- How to complete this task
No pictures belong in the copy. Retype exactly, and only, the stretch of lines below from the one with "정안뉴스 안정주 기자" through the one with "2025年5月6日广东电解铜库存【SMM数据】".

- Items listed in a dataset
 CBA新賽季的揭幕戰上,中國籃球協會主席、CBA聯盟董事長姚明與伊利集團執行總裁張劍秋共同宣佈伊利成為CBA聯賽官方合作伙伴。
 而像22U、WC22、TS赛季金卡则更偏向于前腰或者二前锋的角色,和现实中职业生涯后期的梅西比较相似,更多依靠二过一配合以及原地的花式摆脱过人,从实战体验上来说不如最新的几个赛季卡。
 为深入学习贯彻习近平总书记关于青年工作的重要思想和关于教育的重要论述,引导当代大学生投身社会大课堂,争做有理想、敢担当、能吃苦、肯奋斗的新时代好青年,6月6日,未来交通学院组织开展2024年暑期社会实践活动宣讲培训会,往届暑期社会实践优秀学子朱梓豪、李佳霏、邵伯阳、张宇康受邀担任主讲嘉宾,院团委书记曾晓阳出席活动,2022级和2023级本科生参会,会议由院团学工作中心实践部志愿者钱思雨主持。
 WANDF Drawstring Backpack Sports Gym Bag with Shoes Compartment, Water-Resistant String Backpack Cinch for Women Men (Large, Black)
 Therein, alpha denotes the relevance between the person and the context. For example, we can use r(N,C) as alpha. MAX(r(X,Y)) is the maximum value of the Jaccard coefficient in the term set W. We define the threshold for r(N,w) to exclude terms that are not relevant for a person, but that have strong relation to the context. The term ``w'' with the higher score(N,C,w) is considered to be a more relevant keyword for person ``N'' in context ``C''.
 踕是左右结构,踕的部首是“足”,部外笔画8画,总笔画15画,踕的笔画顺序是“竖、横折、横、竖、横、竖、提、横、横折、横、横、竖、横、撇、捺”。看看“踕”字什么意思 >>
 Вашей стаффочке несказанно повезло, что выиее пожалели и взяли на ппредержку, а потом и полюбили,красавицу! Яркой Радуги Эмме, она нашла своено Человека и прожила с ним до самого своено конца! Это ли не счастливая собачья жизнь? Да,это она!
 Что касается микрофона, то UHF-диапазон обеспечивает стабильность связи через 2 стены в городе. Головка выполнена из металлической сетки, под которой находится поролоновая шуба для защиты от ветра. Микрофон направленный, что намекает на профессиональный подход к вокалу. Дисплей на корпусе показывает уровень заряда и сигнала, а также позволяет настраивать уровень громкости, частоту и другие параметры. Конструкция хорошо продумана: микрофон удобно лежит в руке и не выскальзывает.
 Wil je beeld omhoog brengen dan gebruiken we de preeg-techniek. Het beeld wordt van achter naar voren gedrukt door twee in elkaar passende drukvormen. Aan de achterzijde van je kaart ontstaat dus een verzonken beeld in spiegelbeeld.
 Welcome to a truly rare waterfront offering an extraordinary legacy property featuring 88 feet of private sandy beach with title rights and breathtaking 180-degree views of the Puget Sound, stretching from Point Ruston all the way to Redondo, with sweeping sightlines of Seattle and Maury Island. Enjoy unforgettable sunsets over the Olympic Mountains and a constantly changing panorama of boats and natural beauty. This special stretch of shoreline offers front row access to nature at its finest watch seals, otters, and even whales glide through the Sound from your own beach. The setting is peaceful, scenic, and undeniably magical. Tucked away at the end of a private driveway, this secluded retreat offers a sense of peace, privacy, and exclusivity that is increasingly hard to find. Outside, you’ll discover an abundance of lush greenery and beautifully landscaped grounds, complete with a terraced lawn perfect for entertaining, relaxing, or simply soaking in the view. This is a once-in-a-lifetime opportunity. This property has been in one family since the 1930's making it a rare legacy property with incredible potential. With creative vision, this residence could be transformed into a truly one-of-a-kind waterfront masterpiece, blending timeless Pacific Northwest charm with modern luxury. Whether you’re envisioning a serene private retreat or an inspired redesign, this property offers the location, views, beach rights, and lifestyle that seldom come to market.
==
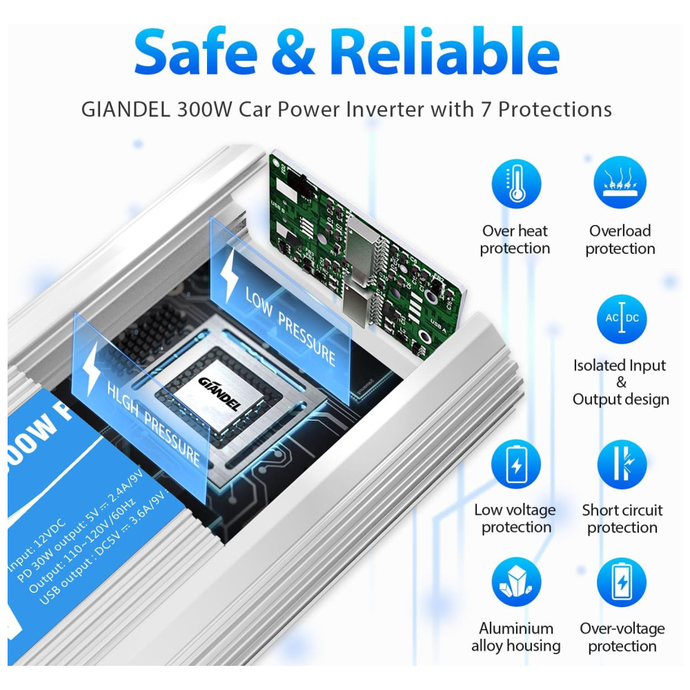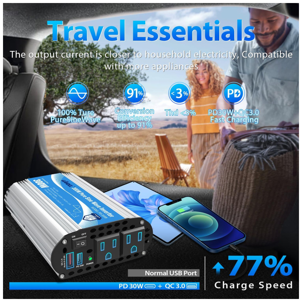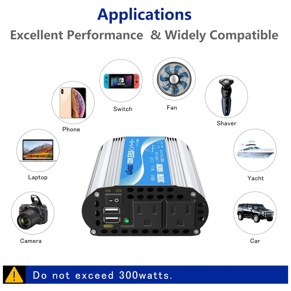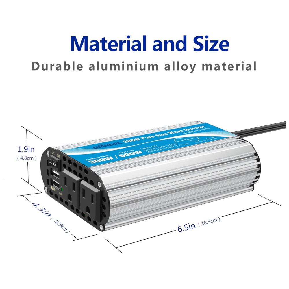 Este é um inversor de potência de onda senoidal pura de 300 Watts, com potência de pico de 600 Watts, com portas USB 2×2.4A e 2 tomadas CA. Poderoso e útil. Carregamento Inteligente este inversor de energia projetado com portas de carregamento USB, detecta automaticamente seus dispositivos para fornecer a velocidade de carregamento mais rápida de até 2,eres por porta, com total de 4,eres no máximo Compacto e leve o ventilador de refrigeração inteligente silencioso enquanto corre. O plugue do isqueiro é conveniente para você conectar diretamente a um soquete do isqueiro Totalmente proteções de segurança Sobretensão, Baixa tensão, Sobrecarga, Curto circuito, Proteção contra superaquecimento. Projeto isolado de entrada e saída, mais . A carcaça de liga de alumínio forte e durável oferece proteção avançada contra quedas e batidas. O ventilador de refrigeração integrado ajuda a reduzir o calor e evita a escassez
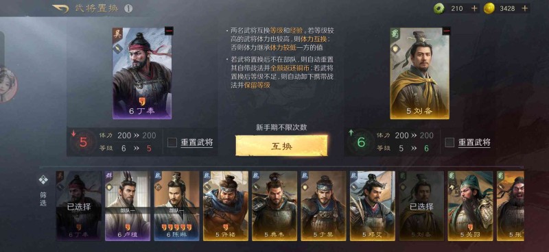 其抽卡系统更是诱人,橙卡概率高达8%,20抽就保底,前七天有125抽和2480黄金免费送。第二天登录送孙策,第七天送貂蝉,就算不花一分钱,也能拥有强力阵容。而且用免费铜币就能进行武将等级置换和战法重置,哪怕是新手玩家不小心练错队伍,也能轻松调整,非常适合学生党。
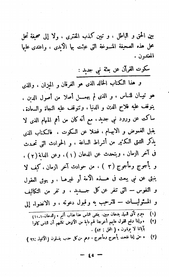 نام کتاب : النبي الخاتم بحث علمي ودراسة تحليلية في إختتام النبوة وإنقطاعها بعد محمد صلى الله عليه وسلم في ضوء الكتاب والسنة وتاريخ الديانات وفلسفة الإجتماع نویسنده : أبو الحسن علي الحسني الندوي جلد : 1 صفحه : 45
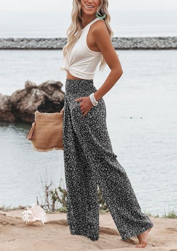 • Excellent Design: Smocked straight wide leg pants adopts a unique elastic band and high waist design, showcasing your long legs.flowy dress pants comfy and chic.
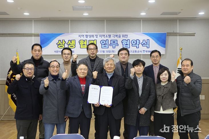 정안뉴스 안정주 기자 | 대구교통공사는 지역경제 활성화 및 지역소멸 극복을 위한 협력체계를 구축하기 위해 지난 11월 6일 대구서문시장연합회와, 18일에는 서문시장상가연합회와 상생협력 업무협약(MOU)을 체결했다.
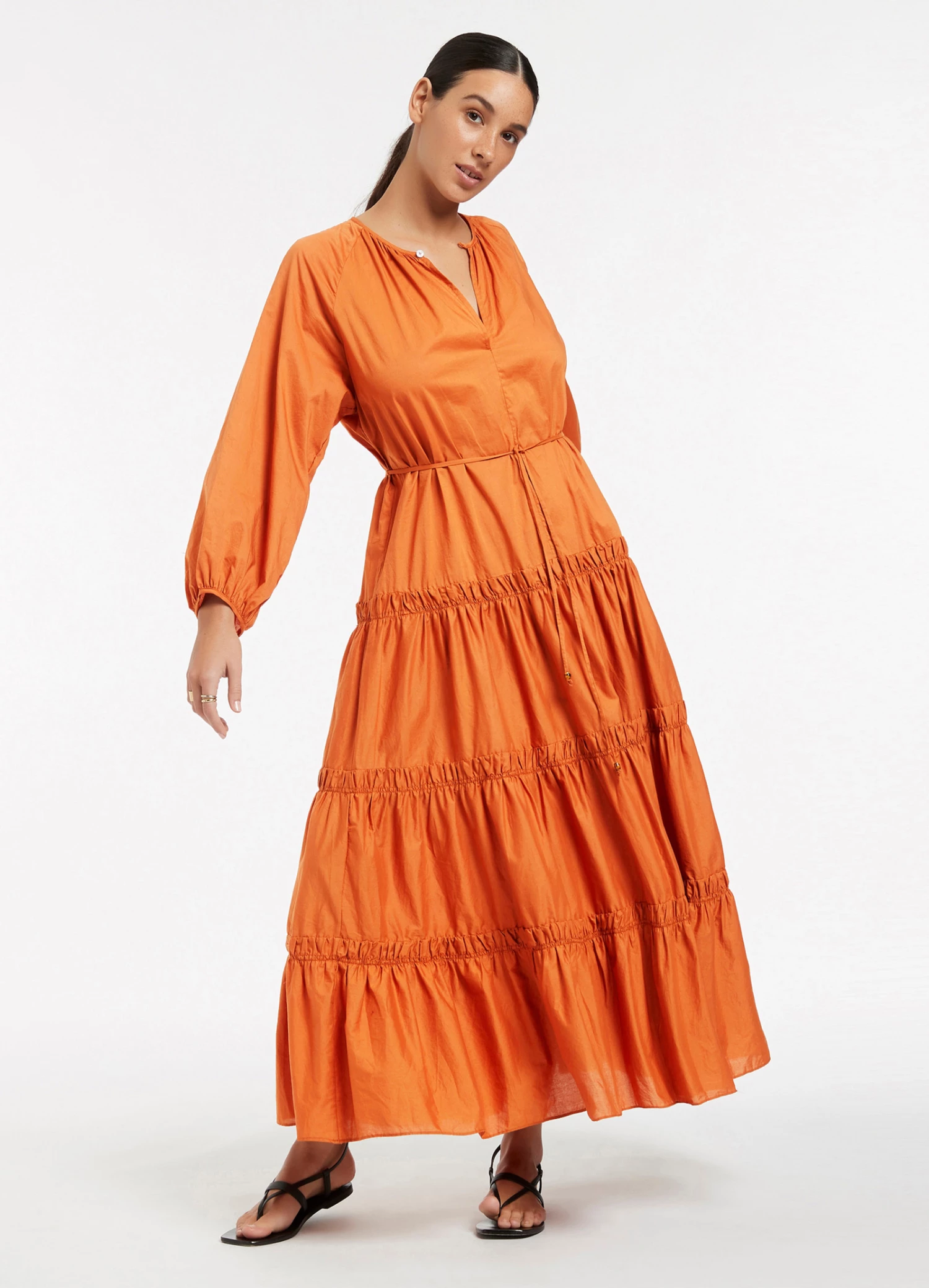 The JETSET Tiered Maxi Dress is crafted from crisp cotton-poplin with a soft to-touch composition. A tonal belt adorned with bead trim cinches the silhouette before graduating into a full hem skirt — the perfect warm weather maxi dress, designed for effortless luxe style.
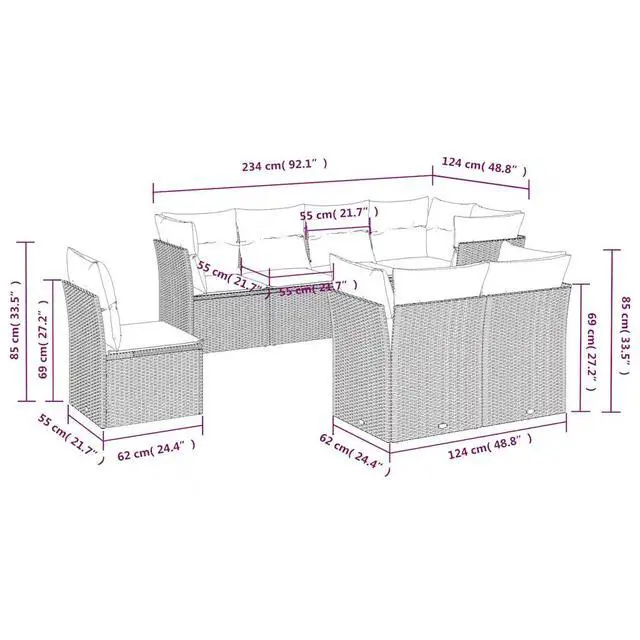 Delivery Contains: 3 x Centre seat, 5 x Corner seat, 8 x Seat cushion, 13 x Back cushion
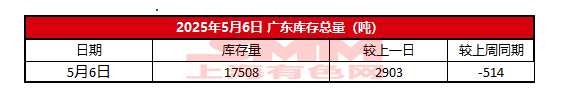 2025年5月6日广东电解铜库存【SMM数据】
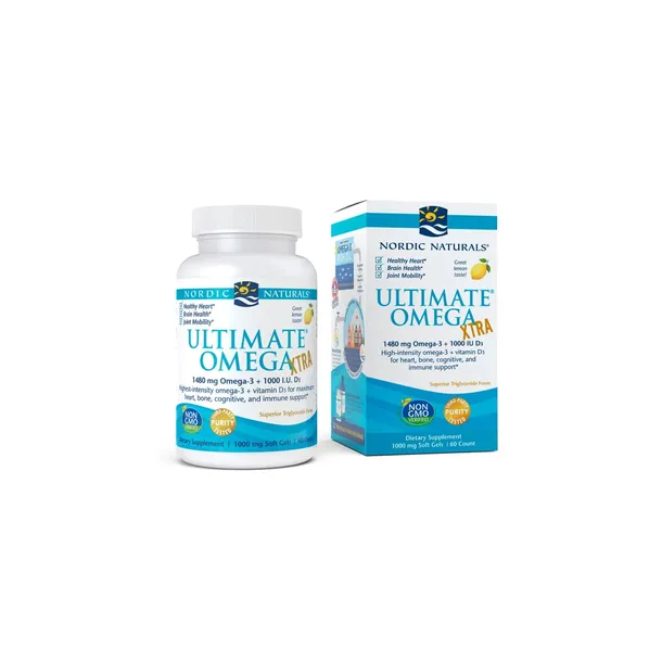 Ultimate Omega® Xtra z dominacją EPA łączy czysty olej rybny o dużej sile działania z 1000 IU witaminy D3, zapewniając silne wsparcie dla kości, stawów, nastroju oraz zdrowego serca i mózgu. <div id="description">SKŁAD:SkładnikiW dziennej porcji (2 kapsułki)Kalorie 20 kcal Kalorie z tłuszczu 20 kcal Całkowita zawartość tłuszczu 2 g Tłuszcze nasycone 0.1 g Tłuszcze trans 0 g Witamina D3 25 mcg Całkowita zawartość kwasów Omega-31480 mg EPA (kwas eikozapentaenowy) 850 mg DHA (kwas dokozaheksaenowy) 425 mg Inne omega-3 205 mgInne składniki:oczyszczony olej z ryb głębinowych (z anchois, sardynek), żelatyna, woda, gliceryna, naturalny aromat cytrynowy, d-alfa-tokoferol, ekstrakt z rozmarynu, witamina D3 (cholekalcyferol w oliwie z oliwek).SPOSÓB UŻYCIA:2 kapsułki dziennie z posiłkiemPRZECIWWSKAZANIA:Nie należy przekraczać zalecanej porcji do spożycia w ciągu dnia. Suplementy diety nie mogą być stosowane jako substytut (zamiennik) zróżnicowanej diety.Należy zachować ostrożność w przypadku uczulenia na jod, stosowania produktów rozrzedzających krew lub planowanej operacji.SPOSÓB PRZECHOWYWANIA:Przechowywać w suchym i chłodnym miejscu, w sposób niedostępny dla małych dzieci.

- Response for this exercise
 정안뉴스 안정주 기자 | 대구교통공사는 지역경제 활성화 및 지역소멸 극복을 위한 협력체계를 구축하기 위해 지난 11월 6일 대구서문시장연합회와, 18일에는 서문시장상가연합회와 상생협력 업무협약(MOU)을 체결했다.
 The JETSET Tiered Maxi Dress is crafted from crisp cotton-poplin with a soft to-touch composition. A tonal belt adorned with bead trim cinches the silhouette before graduating into a full hem skirt — the perfect warm weather maxi dress, designed for effortless luxe style.
 Delivery Contains: 3 x Centre seat, 5 x Corner seat, 8 x Seat cushion, 13 x Back cushion
 2025年5月6日广东电解铜库存【SMM数据】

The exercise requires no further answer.